(Provided data)

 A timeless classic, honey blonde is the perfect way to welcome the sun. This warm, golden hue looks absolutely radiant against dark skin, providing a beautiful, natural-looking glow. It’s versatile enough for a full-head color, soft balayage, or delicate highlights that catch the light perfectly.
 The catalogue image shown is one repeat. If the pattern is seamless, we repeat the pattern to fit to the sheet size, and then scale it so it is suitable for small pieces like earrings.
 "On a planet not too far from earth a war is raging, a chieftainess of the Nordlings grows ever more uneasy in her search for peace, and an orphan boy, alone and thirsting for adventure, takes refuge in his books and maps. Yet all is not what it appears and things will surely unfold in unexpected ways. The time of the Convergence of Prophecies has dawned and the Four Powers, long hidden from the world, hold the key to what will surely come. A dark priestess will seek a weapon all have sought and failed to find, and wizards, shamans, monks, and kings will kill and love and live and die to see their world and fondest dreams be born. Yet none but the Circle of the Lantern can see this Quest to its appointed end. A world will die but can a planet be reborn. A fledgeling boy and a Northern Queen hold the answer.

(End Provided data)
(Provided data)

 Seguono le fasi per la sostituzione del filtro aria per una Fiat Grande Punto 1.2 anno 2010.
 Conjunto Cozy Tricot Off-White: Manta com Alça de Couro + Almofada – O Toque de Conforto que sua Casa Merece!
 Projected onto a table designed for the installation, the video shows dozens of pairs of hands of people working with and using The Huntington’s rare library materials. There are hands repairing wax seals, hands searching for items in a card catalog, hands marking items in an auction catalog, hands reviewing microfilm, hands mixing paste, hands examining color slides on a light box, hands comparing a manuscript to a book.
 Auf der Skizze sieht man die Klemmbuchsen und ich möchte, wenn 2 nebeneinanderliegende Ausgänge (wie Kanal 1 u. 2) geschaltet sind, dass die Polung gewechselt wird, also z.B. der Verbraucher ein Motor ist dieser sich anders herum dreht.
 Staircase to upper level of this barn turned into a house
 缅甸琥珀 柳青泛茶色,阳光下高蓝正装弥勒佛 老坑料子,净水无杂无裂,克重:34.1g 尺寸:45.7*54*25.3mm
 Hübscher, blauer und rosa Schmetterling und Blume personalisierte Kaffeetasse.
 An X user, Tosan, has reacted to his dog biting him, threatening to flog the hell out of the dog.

(End Provided data)

### [Work request]
Retype only this portion of the data above: the line containing "Projected onto a", the line containing "An X user, Tosan, has", and all lines between them, exactly.

### [Your solution]
 Projected onto a table designed for the installation, the video shows dozens of pairs of hands of people working with and using The Huntington’s rare library materials. There are hands repairing wax seals, hands searching for items in a card catalog, hands marking items in an auction catalog, hands reviewing microfilm, hands mixing paste, hands examining color slides on a light box, hands comparing a manuscript to a book.
 Auf der Skizze sieht man die Klemmbuchsen und ich möchte, wenn 2 nebeneinanderliegende Ausgänge (wie Kanal 1 u. 2) geschaltet sind, dass die Polung gewechselt wird, also z.B. der Verbraucher ein Motor ist dieser sich anders herum dreht.
 Staircase to upper level of this barn turned into a house
 缅甸琥珀 柳青泛茶色,阳光下高蓝正装弥勒佛 老坑料子,净水无杂无裂,克重:34.1g 尺寸:45.7*54*25.3mm
 Hübscher, blauer und rosa Schmetterling und Blume personalisierte Kaffeetasse.
 An X user, Tosan, has reacted to his dog biting him, threatening to flog the hell out of the dog.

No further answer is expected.